→ **Task goal**: Strip out the pictures and transcribe the records that follow exactly.

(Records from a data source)
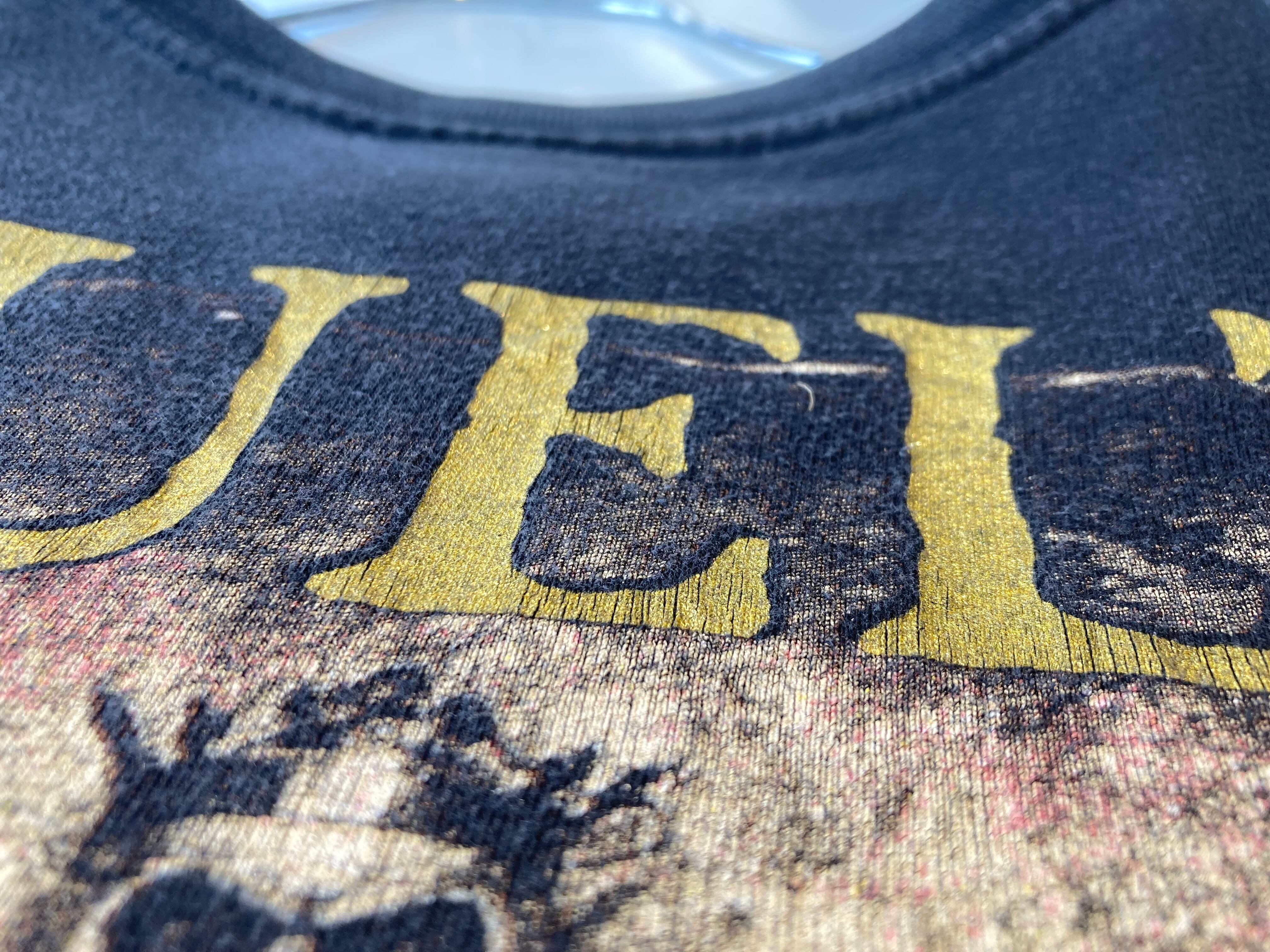 フィルスといえば過激なデザインなイメージですが、こちらのTシャツも例に漏れず独特な雰囲気を放っています。何故かと言うと、この3rdアルバムジャケット(このデザイン)は16世紀のトランシルヴァニア公国(現ハンガリー)に実在した、エリザベス・バソリー伯爵夫人を題材にしたコンセプトアルバムなんです。処女の生き血を浴びると永遠の若さを保てると信じ実行していたバソリー夫人。このコンセプトを忠実に表してるジャケット。ヤバいでしょう?そんなTシャツ。
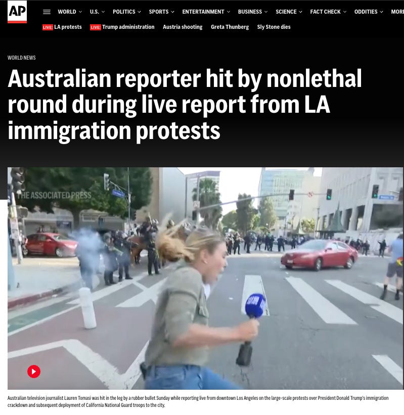 The Associated Press, that old bastion of journalistic neutrality, ran a story with the benign headline: “Australian reporter hit by nonlethal round during live report from LA immigration protests.”
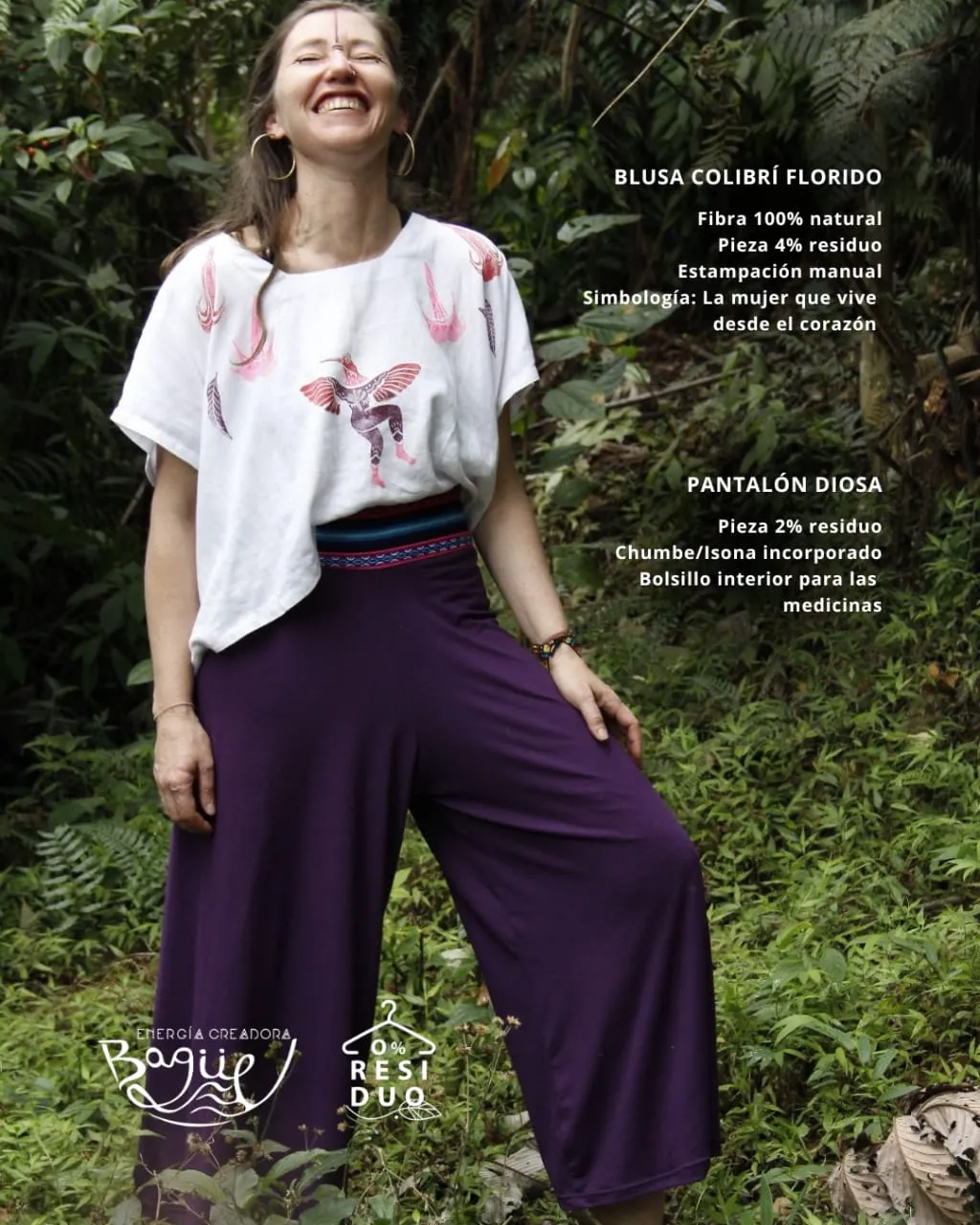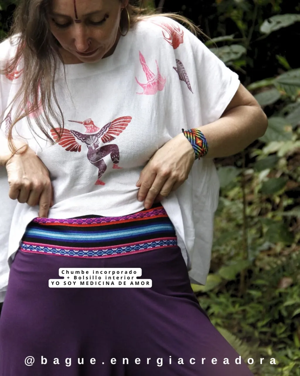 Pantalón Zero Waste ritual, diseño mariposa con Chumbe, ideal para ceremonias y menstruación.
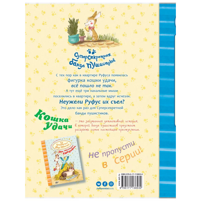 Кошка удачи. С тех пор как в квартире Руфуса появилась фигурка кошки удачи, всё пошло не так. А тут ещё три нахальные мыши поселились в квартире, а затем вдруг исчезли. Неужели Руфус их съел? Это дело как раз для Суперсекретной банды пушистиков. "Кошка удачи" - это запутанная детективная история, в которой банде пушистиков предстоит раскрыть самое настоящее преступление.
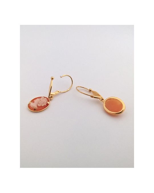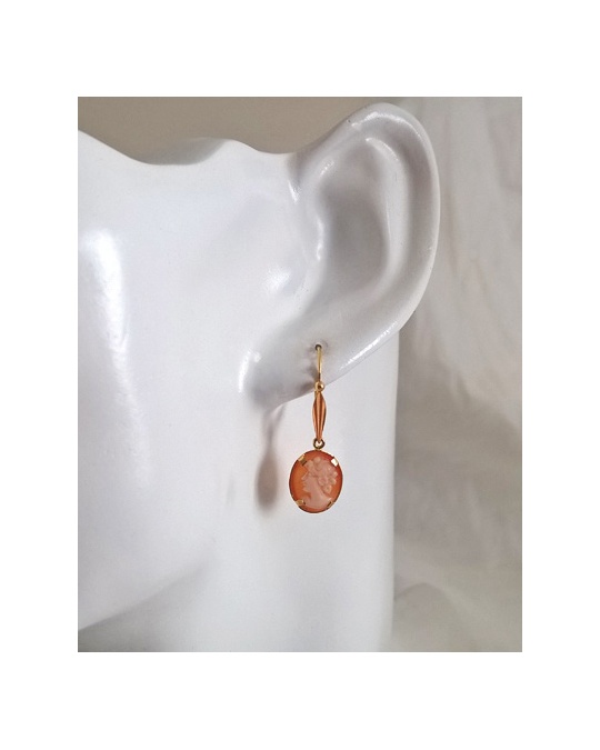 Pendientes dormilonas con camafeos oval en oro amarillo 750 (18 quilates), aretes largos y articulados de talla mediana, muy agradables de llevar. Joya clásica y atemporal, idea de regalo para pin-up.
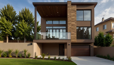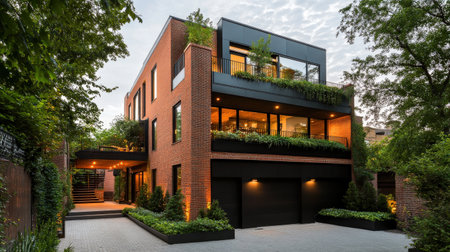 Modern brick house with greenery and large windows in urban setting.

→ **Result of the task**:
 フィルスといえば過激なデザインなイメージですが、こちらのTシャツも例に漏れず独特な雰囲気を放っています。何故かと言うと、この3rdアルバムジャケット(このデザイン)は16世紀のトランシルヴァニア公国(現ハンガリー)に実在した、エリザベス・バソリー伯爵夫人を題材にしたコンセプトアルバムなんです。処女の生き血を浴びると永遠の若さを保てると信じ実行していたバソリー夫人。このコンセプトを忠実に表してるジャケット。ヤバいでしょう?そんなTシャツ。
 The Associated Press, that old bastion of journalistic neutrality, ran a story with the benign headline: “Australian reporter hit by nonlethal round during live report from LA immigration protests.”
 Pantalón Zero Waste ritual, diseño mariposa con Chumbe, ideal para ceremonias y menstruación.
 Кошка удачи. С тех пор как в квартире Руфуса появилась фигурка кошки удачи, всё пошло не так. А тут ещё три нахальные мыши поселились в квартире, а затем вдруг исчезли. Неужели Руфус их съел? Это дело как раз для Суперсекретной банды пушистиков. "Кошка удачи" - это запутанная детективная история, в которой банде пушистиков предстоит раскрыть самое настоящее преступление.
 Pendientes dormilonas con camafeos oval en oro amarillo 750 (18 quilates), aretes largos y articulados de talla mediana, muy agradables de llevar. Joya clásica y atemporal, idea de regalo para pin-up.
 Modern brick house with greenery and large windows in urban setting.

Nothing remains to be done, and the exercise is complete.